Während ihrer Lehre knüpfte sie Kontakt zu einer Arbeitsgruppe
Archäologie. Zufälle spielten eine Rolle, ihr damaliger Freund
kannte jemanden, der ihr den Kontakt vermittelte. Schon in der Schulzeit
interessierte sie sich für frühe Grabanlagen und die Geheimnisse
jahrhundertealter Gemäuer. Buch um Buch zu archäologischen
Themen gesellte sich in ihrer kleinen Wohnung dazu, mit dem sie mehr
Wissen über Ausgrabungen und ihre Ergebnisse anhäufte. Praktische
Erfahrungen kamen durch die Hobby-Archäo-logen und ihre Kontakte
wie Ausgrabungen vor Ort hinzu.
Da die Spur der Arbeitslosenzeiten über die Jahre nicht abreißen
wollte und als ihr erneut eine Kündigung übermittelt wurde,
wuchs der Zorn, aber auch die Einsicht, man müßte sich noch
einmal anders einrichten in diesem Leben. Herbert, einer der ältesten
und erfahrensten unter den Hobbyarchäologen, meinte: „Warum
studierst du nicht in Köln, du bist intelligent, du kannst das!“
Dank seinem Rat und seiner Kontakte, stellte sie sich in der Fakultät
vor, wurde angenommen und zog ein halbes Jahr später in die Rheinmetropole.

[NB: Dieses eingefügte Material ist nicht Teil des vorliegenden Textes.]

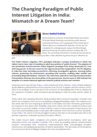 The Public Interest Litigation (‘PIL’) paradigm indicates a unique jurisdiction in which the Indian Courts relax rules of standing to admit any petition of ‘public interest’. The adoption of this jurisdiction transformed the Indian litigation paradigm from being dominated by ‘men with long purses’ to the last resort for the ‘oppressed and the marginalised’. The PIL litigation in India has been extremely successful in reforming investigative agencies, ensuring police reforms, protecting the environment, providing food security, enabling labor welfare and preventing illegal demolitions. However, PILs have been claimed to overstep the demarcation of boundaries between the three pillars of the government. Recent cases in 2026 indicate the adoption of a newer balanced approach between judicial activism and restraint.

Das Studium schaffte sie mit Bravour. Zuverdienste in Gastwirtschaften
sicherten ihr neben dem Bafög die Existenz. Doch auch mit erfolgreichem
Diplom flogen ihr Arbeitsmöglichkeiten nicht ohne weiteres zu. Sie
zog zurück in die ostdeutsche Provinz, ein Fehler gewiß, aber
sie wollte auch ihren Freund Henrik, den sie vor zwei Jahren im Ort ihrer
Eltern kennengelernt hatte, nicht länger mit Wochenendbesuchen vertrösten.
Sie zogen zusammen in eine eigene Mietwohnung, richteten sich ein und
begannen ihr gemeinsames Leben.
Im Jobcenter hatte man nichts Besseres zu tun, als Archäologie mit
Besenkenntnissen in Verbindung zu bringen. Man drückte ihr einen
Ein-Euro-Job auf, verbunden mit der brieflichen Drohung die spärlichen
Tantiemen zu streichen, wenn dem nicht Folge geleistet würde. Konnte
man voraussetzen, daß Frau Pöhnl vom Hartz-IV-Amt Ahnung davon
hatte, wozu ein Archäologie-Studium befähigte, gerade frisch
diplomiert? Aber vielleicht hätte der Geist doch reichen können
für ein persönliches Gespräch? Wozu die Mühe! So
durfte sie den örtlichen Friedhof von Laubresten und anderem Unrat
befreien und auch den einen oder anderen Straßenzug vom Winterstaub.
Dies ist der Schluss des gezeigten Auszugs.